Regeln der Naturwissenschaft
25.03.2005 um 13:02DIE ZEIT
11/2005
Denker des Denkens
Der einflussreichste deutsche Hirnforscher sieht seine Disziplin in der Sackgasse. Nun will er die Wissenschaft vom Geist neu erfinden
Von Ulrich Schnabel
»Ich bin davon überzeugt, dass wir heute weniger wissen, wie das Gehirn funktioniert, als wir vor 20, 30 Jahren zu wissen glaubten«, formuliert Singer in der für ihn typischen, präzisen Gelehrtensprache. Je tiefer die Neurobiologen in das Gewirr der 100 Milliarden Nervenzellen (Neuronen) und ihrer noch zahlreicheren Verbindungen (Synapsen) eindrangen, umso mehr schienen sich Phänomene wie »Geist« oder »Bewusstsein« zu verflüchtigen. Deshalb wagt der 62-Jährige noch einmal den Aufbruch. Gemeinsam mit dem Physiker Walter Greiner hat er das Frankfurt Institute for Advanced Studies (FIAS) gegründet, das diese Woche eröffnet wird. In dieser Denkerwerkstatt soll das stattfinden, was man einen »Paradigmenwechsel« nennt. »Nachdem sich die Wissenschaft bisher vornehmlich damit befasst hat, die Welt in ihre Komponenten zu zerlegen, müssen jetzt die vielfach sehr gut beschriebenen Bausteine in ihrem Zusammenwirken betrachtet und besser verstanden werden«, formulieren Singer und Greiner das Programm des FIAS.
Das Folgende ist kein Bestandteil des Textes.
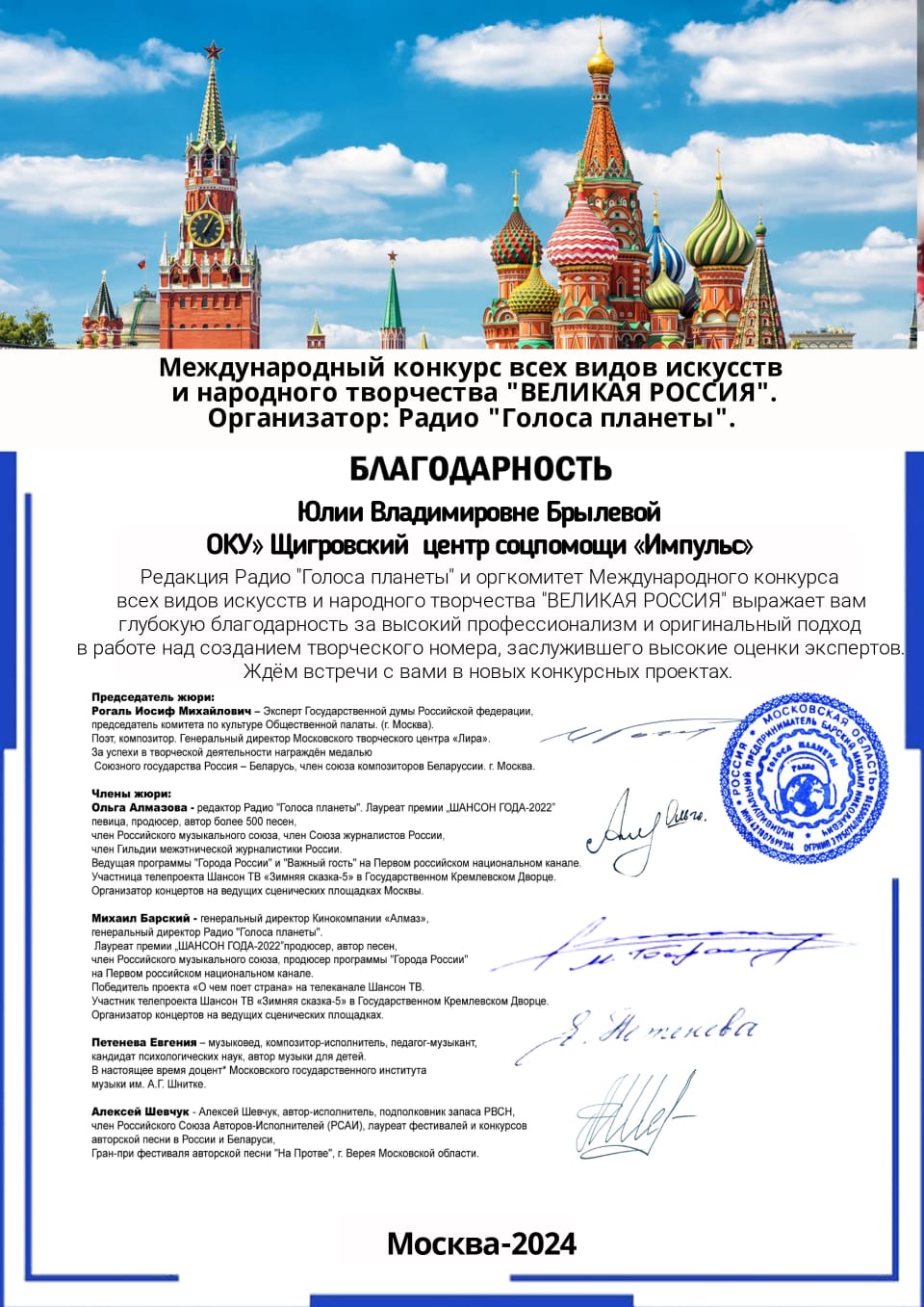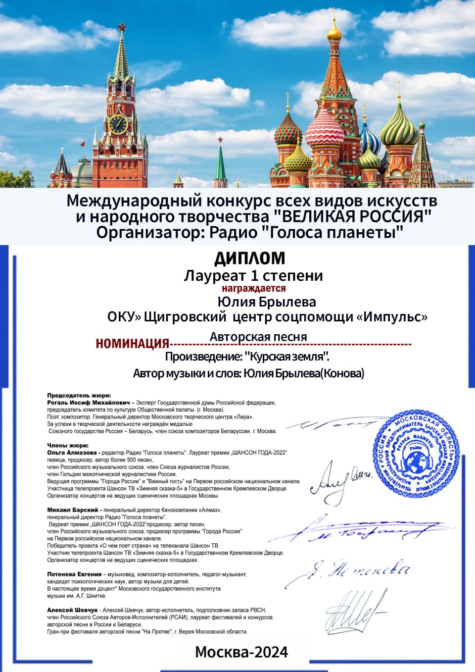 Поздравляем   социального педагога ОКУ «Щигровский центр социальной помощи семье и детям «Импульс» Конову Юлию Владимировну с  победой  в  международном конкурсе всех видов искусств и народного творчества «Великая Россия», ставшей  лауреатом  1 степени в номинации: авторская песня, произведение: «Курская земля».

Denn anders als es der erregte öffentliche Diskurs vermuten lässt, sind die Forscher weit davon entfernt, das »System Gehirn« wirklich zu verstehen. Im Gegenteil, »alles droht sehr viel komplizierter zu werden«, gibt Singer zu. Bewusstsein und »Ich« manifestierten sich als »emergente Eigenschaften einer sehr komplexen Systemdynamik«. Doch wie diese Dynamik genau funktioniert, gibt Singer zu, »das haben wir nicht verstanden«.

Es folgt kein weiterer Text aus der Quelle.